▸ Raw data
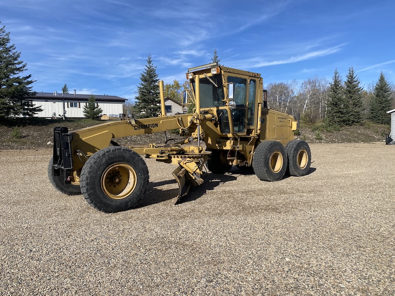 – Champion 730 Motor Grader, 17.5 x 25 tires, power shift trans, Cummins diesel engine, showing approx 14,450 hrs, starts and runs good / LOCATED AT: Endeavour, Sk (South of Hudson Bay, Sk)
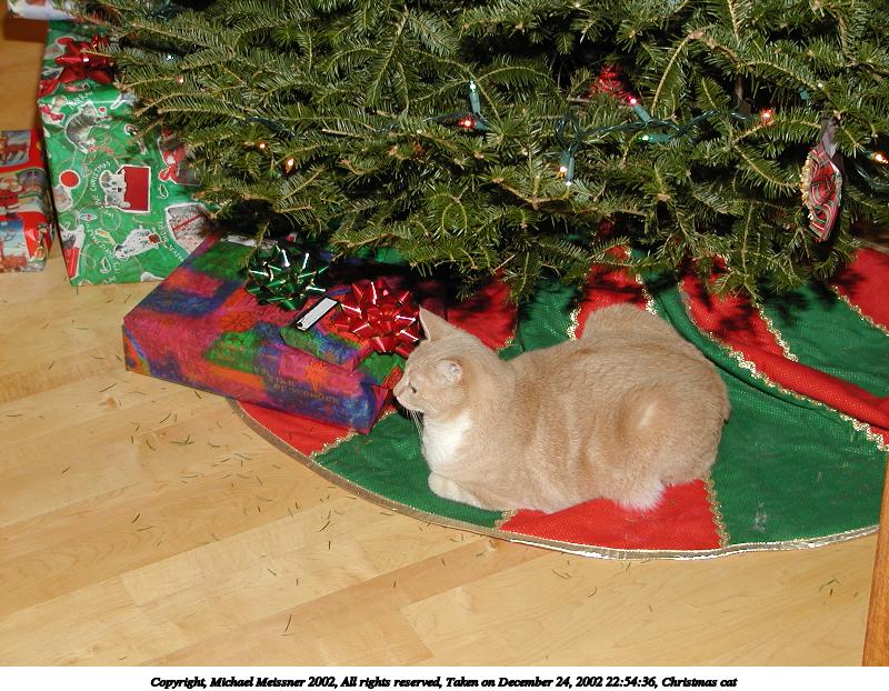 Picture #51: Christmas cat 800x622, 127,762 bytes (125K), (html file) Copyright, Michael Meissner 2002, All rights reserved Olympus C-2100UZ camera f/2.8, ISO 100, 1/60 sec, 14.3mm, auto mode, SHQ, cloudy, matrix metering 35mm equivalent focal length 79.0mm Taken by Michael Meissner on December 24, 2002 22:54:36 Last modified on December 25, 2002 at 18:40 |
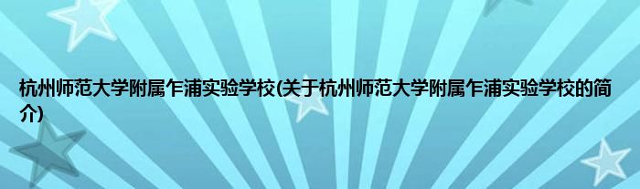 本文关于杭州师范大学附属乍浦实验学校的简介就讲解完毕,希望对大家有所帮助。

▸ Required work
Set the listing down in full and exactly. Pictures within it should not appear in the copy.

▸ Answer to the exercise
 – Champion 730 Motor Grader, 17.5 x 25 tires, power shift trans, Cummins diesel engine, showing approx 14,450 hrs, starts and runs good / LOCATED AT: Endeavour, Sk (South of Hudson Bay, Sk)
 Picture #51: Christmas cat 800x622, 127,762 bytes (125K), (html file) Copyright, Michael Meissner 2002, All rights reserved Olympus C-2100UZ camera f/2.8, ISO 100, 1/60 sec, 14.3mm, auto mode, SHQ, cloudy, matrix metering 35mm equivalent focal length 79.0mm Taken by Michael Meissner on December 24, 2002 22:54:36 Last modified on December 25, 2002 at 18:40 |
 本文关于杭州师范大学附属乍浦实验学校的简介就讲解完毕,希望对大家有所帮助。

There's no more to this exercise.